● **What the exercise asks**:
Everything in the listing below should be written out again exactly, except the pictures.

● **Provided data**:
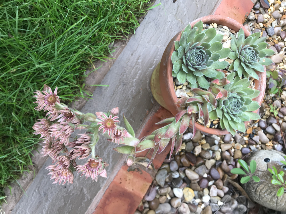The top picture shows three different varieties all potted together. The flower stem on the right comes up from the top cluster. The flower stem on the left comes up from the left hand cluster. The variety on the right has not flowered. All three varieties have many offsets, are they safe? Will the offsets need removing and repotting before the flowering sections die?
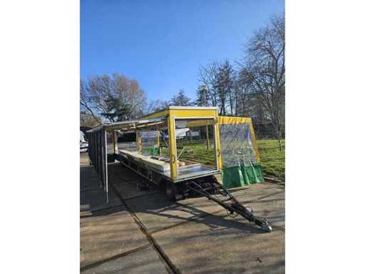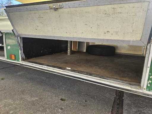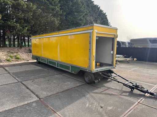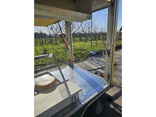 Equipped with: Towbar coupling, dummies of cheeses, rear with chalkboard, 2x windshield, mover with remote control, lighting, flap with gas springs, sockets, roller shutter front and rear, meachinsch braked, spare tire, storage space
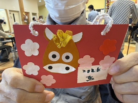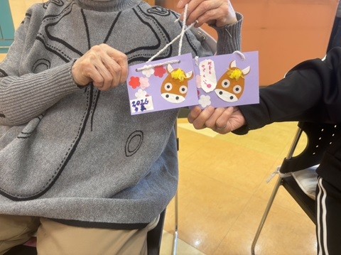 男性のご利用者さまも、積極的に取り組んでくれました♪ それぞれの個性が出て、とても素敵な絵馬ができました♪
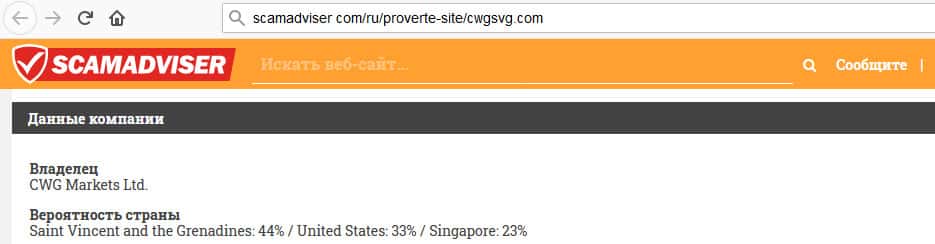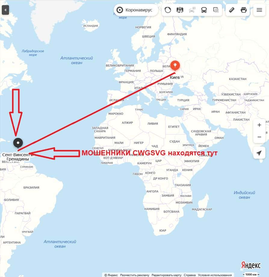 Первчный анализ показывает, что аферисты CWGSVG и правда находятся на Сент Винсент и Гренадинах

● **Task answer**:
The top picture shows three different varieties all potted together. The flower stem on the right comes up from the top cluster. The flower stem on the left comes up from the left hand cluster. The variety on the right has not flowered. All three varieties have many offsets, are they safe? Will the offsets need removing and repotting before the flowering sections die?
 Equipped with: Towbar coupling, dummies of cheeses, rear with chalkboard, 2x windshield, mover with remote control, lighting, flap with gas springs, sockets, roller shutter front and rear, meachinsch braked, spare tire, storage space
 男性のご利用者さまも、積極的に取り組んでくれました♪ それぞれの個性が出て、とても素敵な絵馬ができました♪
 Первчный анализ показывает, что аферисты CWGSVG и правда находятся на Сент Винсент и Гренадинах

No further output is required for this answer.